Look below for the line that contains "Per a canviar-ho", then copy it and each following line to the end of the records, minus any pictures.
--- Data provided Enclosed Below ---
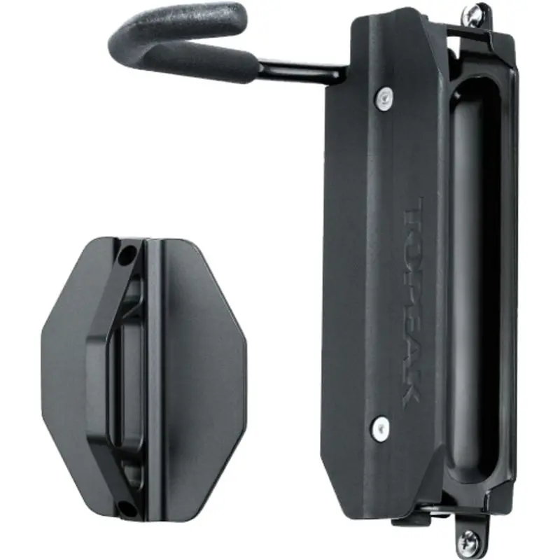 Topeak Swing-Up EX Bike Holder TW018The Topeak Swing-Up EX Bike Holder lets you carefully hang you bicycle with multiple angle options to fit the room best. The max weight capacity is 16kg/35lbs. This system is compatible with wheel tire combos with height up to 8cm (3.15’’) and tire width up to 6.6cm (2.35’’). Made from aluminum, steel, and engineering grade polymer. The front wheel bar is rotatable to give you more options for placement. Weighs 950g or 2.1lbs.883466012455
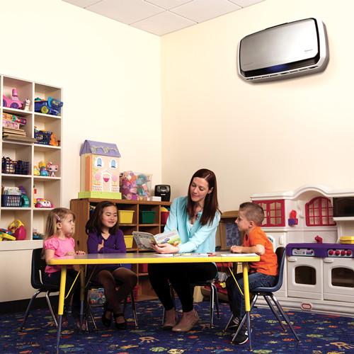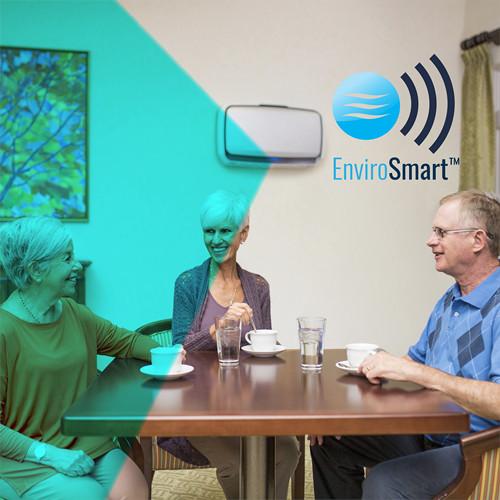 The only air purifier that automatically responds to occupancy and air quality levels. Delivers 3-5 air changes per hour (ACH) in 300-550 square feet shared spaces such as waiting rooms and restrooms. Quiet operation. Patented EnviroSmart technology continuously monitors occupancy and room air quality and automatically adjusts to clean the air. 4-stage True HEPA filtration system removes 99.97% of all airborne contaminants, including viruses. Antimicrobial HEPA treatment prevents bacteria growth on the filter and activated carbon filter reduces odors and VOCs. Commercial grade wall mount air purifier with 5-year limited warranty.
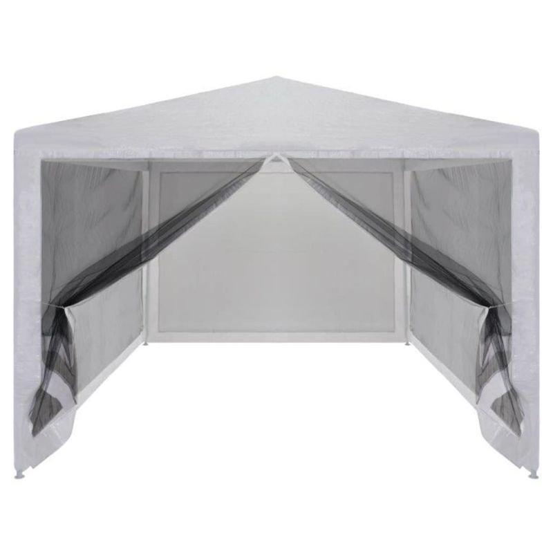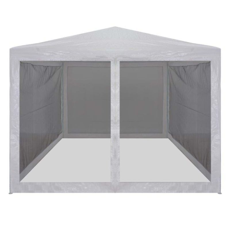 Нашата парти шатра с мрежести странични стени е идеална за всеки, който иска да се наслади на природата, без да бъде обезпокояван от насекоми, докато участва в дейности на открито. Тази парти шатра ще бъде идеална за най-разнообразни събития на открито, като шоу представления, сватби, партита, барбекюта, фестивали и др. Изработена от издръжлива, прахово боядисана стомана, тази шатра за партита е изключително издръжлива. Покривното покритие е изработено от висококачествен PE, което го прави устойчиво на вода и UV лъчи. Палатката има четири мрежести странични стени, които ви предпазват от досадни насекоми. На една от страничните стени има вход с цип за лесен достъп. С включените монтажни аксесоари шатрата за партита се инсталира лесно. ЗАБЕЛЕЖКА: Този продукт НИКОГА не трябва да се използва при лошо време, като бурен вятър, силен дъжд, сняг, буря и т.н.
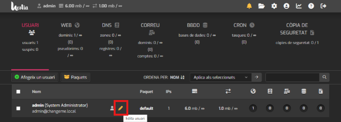 Per a canviar-ho has de fer clic sobre Editar Usuari (Llapis) dins del panell:
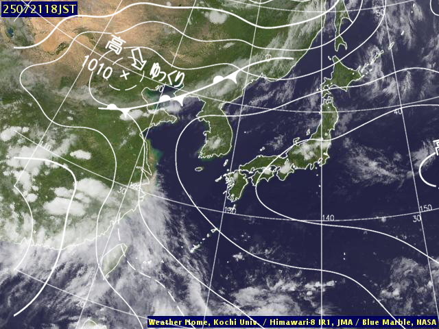 | 地上(高知大学気象情報頁赤外画像と気象庁速報天気図を合成) | |||
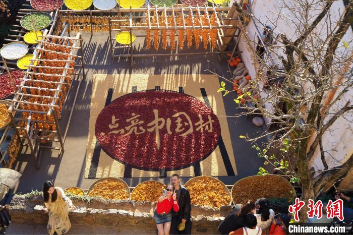 11月11日,游客在摆出“点亮中国村”字样的晒秋工坊前自拍留影。中新网
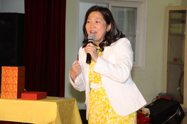 Du Jun, the executive principal from the headquarters of the Kindergarten, welcomes teachers and students from Friendship Kindergarten of Hong Kong Victoria Educational Organization as
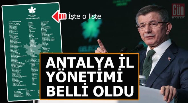 50 kişilik Yönetim Kurulu’nda önemli isimlerin yer aldığı Gelecek Partisi Antalya İl Başkanlığı’nda Yönetim Kurulu’nun yüzde 20’sinden fazlasının kadın üyelerden oluşması dikkat çekti. Gelecek Partisi’nin Antalya İl Başkanı Beytullah Demir başkanlığında Genel Merkez Yönetim Kurulu, Disiplin Kurulu ve Etik Kurulu Asil Üyelerinin listesi şöyle:
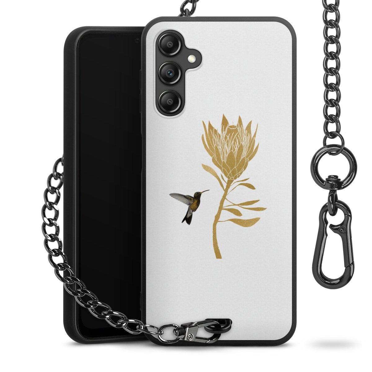 • Mattschwarze Handyhülle mit Metallkette
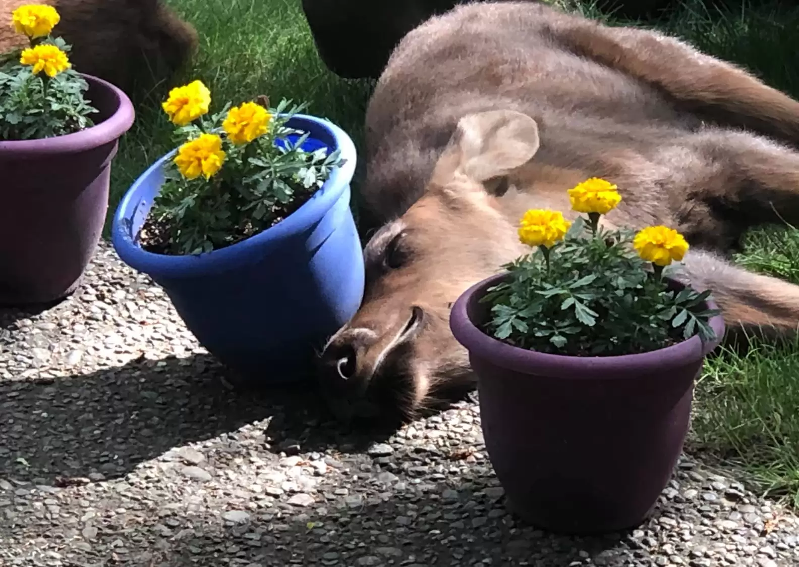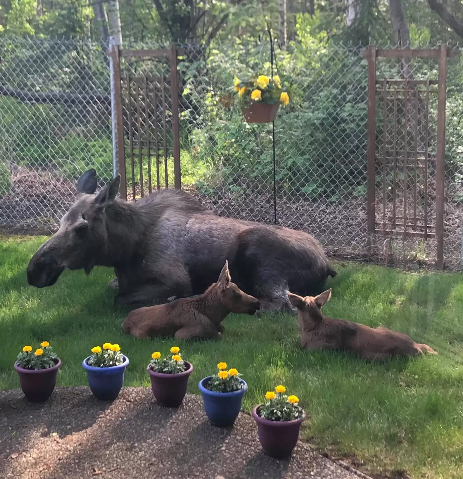 As hours passed, the moose family made themselves completely at home. The calves explored the flowers, sniffed at the fence, and even caused a little chaos.
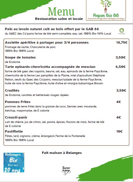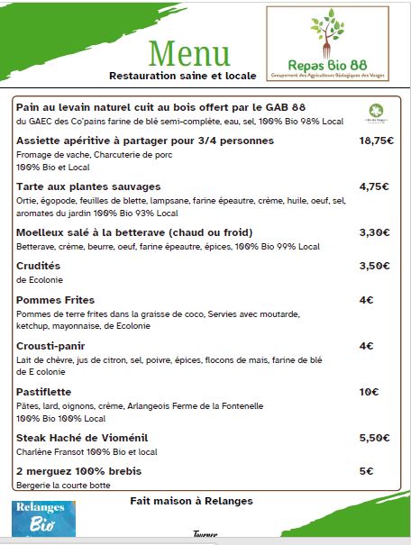 Un « Repas Bio 88 » est organisé dans le cadre de la fête Relanges Bio du 18 et 19 avril 2026
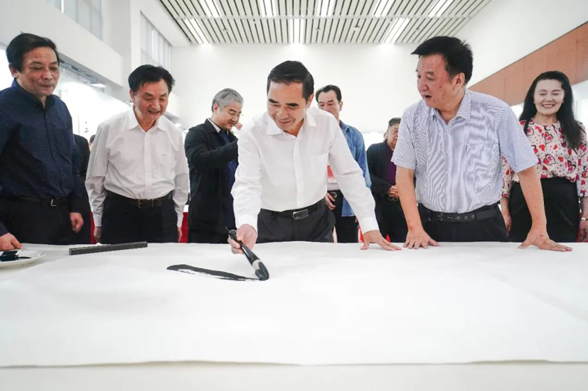 福建省人大常委會黨組成員、副主任袁毅宣布活動開幕,并與全國人大華僑委委員、省人大書畫院院長葉雙瑜,省文聯黨組成員、副主席、書記處書記、省美協主席王來文,南平市人大常委會黨組書記、主任羅志堅,南平市委副書記陳濤共同啟動本次筆會活動。
--- End of Enclosed Data provided ---
◆ Response to this task:
 Per a canviar-ho has de fer clic sobre Editar Usuari (Llapis) dins del panell:
 | 地上(高知大学気象情報頁赤外画像と気象庁速報天気図を合成) | |||
 11月11日,游客在摆出“点亮中国村”字样的晒秋工坊前自拍留影。中新网
 Du Jun, the executive principal from the headquarters of the Kindergarten, welcomes teachers and students from Friendship Kindergarten of Hong Kong Victoria Educational Organization as
 50 kişilik Yönetim Kurulu’nda önemli isimlerin yer aldığı Gelecek Partisi Antalya İl Başkanlığı’nda Yönetim Kurulu’nun yüzde 20’sinden fazlasının kadın üyelerden oluşması dikkat çekti. Gelecek Partisi’nin Antalya İl Başkanı Beytullah Demir başkanlığında Genel Merkez Yönetim Kurulu, Disiplin Kurulu ve Etik Kurulu Asil Üyelerinin listesi şöyle:
 • Mattschwarze Handyhülle mit Metallkette
 As hours passed, the moose family made themselves completely at home. The calves explored the flowers, sniffed at the fence, and even caused a little chaos.
 Un « Repas Bio 88 » est organisé dans le cadre de la fête Relanges Bio du 18 et 19 avril 2026
 福建省人大常委會黨組成員、副主任袁毅宣布活動開幕,并與全國人大華僑委委員、省人大書畫院院長葉雙瑜,省文聯黨組成員、副主席、書記處書記、省美協主席王來文,南平市人大常委會黨組書記、主任羅志堅,南平市委副書記陳濤共同啟動本次筆會活動。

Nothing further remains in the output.